UN AUTRE NEUROBIOLOGISTE RENOMMÉ MIS EN CAUSE

A cet égard, le cas d'un autre neurobiologiste renommé, Jean-Pol Tassin, directeur de recherche à l'Inserm et professeur au Collège de France, interpelle. Les documents internes de l'industrie du tabac indiquent que son équipe et le laboratoire de son chef de service Jacques Glowinski, un des pionniers de la pharmacologie en France, ont reçu 2,8 millions de francs français (546.000 euros courants) de Philip Morris Europe entre 1989 et 2000, année où il a pris la présidence du conseil scientifique de la Mission interministérielle de lutte contre la drogue et la toxicomanie (MILDT)...

Tout commence en 1986. Jean-Pol Tassin et Ian Marcovitch, le directeur scientifique de Philip Morris Europe, basé à Neuchâtel (Suisse), font connaissance au sein de la commission Hirsch, mise en place par le gouvernement pour évaluer le tabagisme en France. Le neurobiologiste y anime un groupe sur la dépendance où M. Marcovitch représente l'industrie.

Le 5 novembre 1987, les deux hommes se revoient au Collège de France pour "explorer la possibilité d'un programme de recherche conçu autour des études du professeur Warburton", selon les notes de M. Marcovitch. On y lit que M. Tassin a "une attitude objective" envers la cigarette, qu'il est "ouvert à l'idée de faire de la recherche sur la nicotine et les récepteurs nicotiniques", et que "de la littérature scientifique lui a été envoyée"...

Ce mystérieux "professeur Warburton" est consultant de longue date pour l'industrie du tabac.
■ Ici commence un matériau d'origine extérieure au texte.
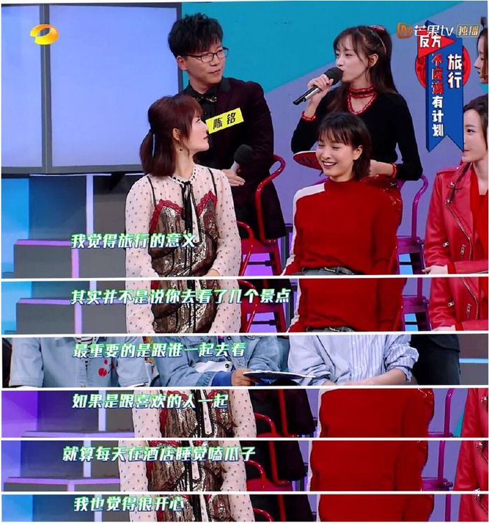 随后,进入到的是另外一个环节是辩论赛,主题是“旅行应不应该有计划”,蓝队为正方,红队为反方。黄婷婷很浪漫地提出,“旅行如果是跟喜欢的人每天在酒店睡觉嗑瓜子,也会觉得很开心。”

Pionnier de la recherche sur les effets positifs de la nicotine sur la cognition (attention, traitement de l'information, mémoire...), ce professeur de psychopharmacologie à l'université de Reading (Royaume-Uni) a publié de nombreux articles sans jamais dévoiler son financement par l'industrie. A partir de 1988, il va jouer un rôle central pour aider les cigarettiers à contrer un rapport-clé du Surgeon General, la plus haute autorité en matière de santé publique aux Etats-Unis. "Nicotine Addiction", publié en mai 1988, affirme pour la première fois que la nicotine peut créer une dépendance aussi forte que l'héroïne et la cocaïne. La mission de M. Warburton sera de casser ce lien nicotine-drogues dures dans les mass media.
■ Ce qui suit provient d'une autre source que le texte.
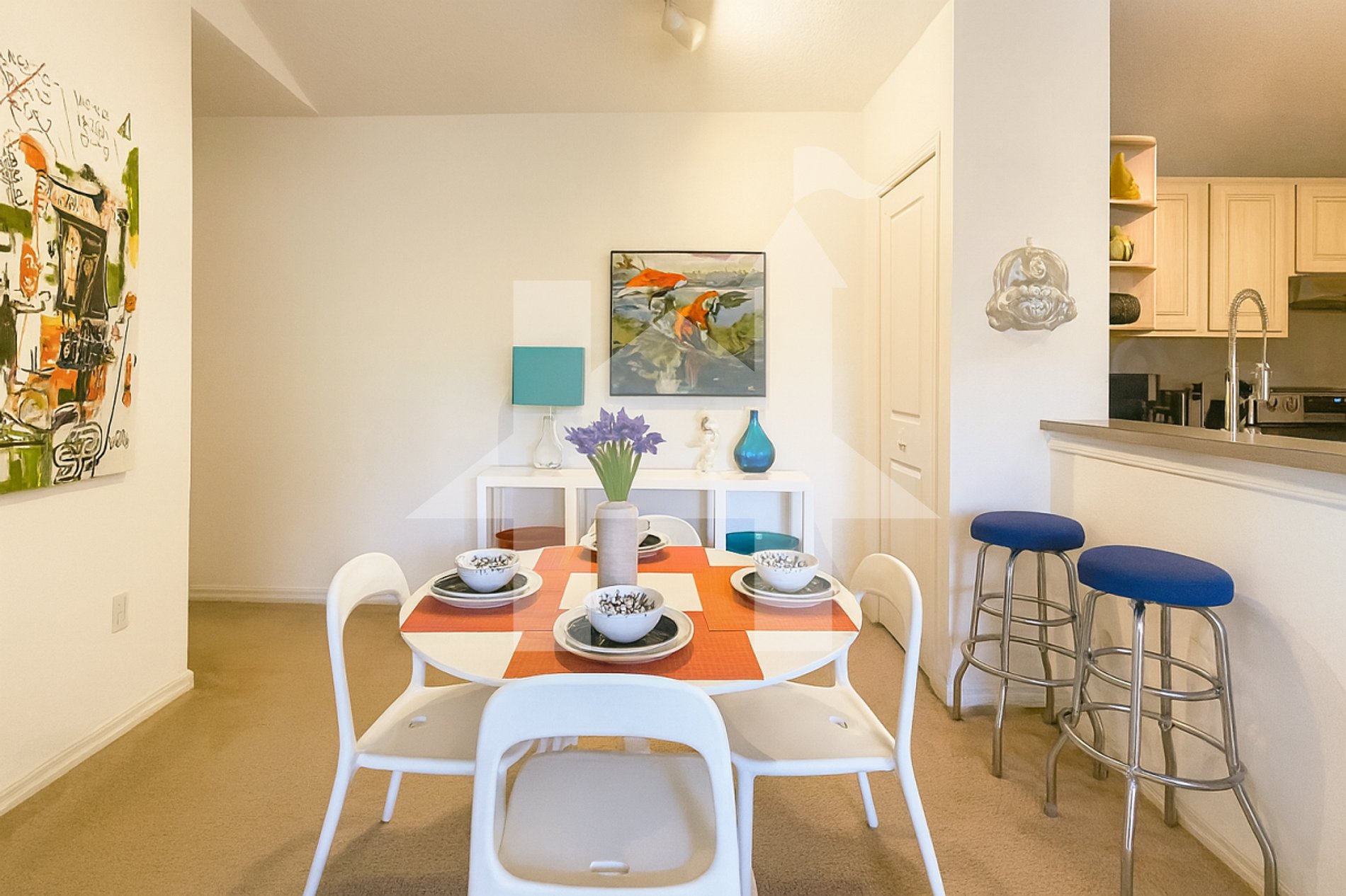 Fully equipped kitchen with bar stools, perfect for preparing meals

ÉTUDES SUR LES EFFETS STIMULANTS DE LA NICOTINE

Si l'industrie se passionne pour les études de Warburton sur les effets stimulants de la nicotine, elle souhaiterait en identifier les mécanismes biologiques sous-jacents. C'est la mission assignée à Jean-Pol Tassin. Fin 1989, il revient de Neuchâtel "enchanté et très stimulé par les échanges fructueux de [sa] réunion avec [le] comité scientifique" de Philip Morris, d'après un courrier de Jacques Glowinski à Ian Marcovitch. "Cette action de la nicotine sur la sensibilisation des systèmes dopaminergiques corticaux sans modification des systèmes dopaminergiques sous-corticaux pourrait expliquer l'effet positif de la nicotine sur les fonctions cognitives décrit par David M. Warburton", écrit M. Tassin dans un courrier adressé à Ian Marcovitch en juin 1990.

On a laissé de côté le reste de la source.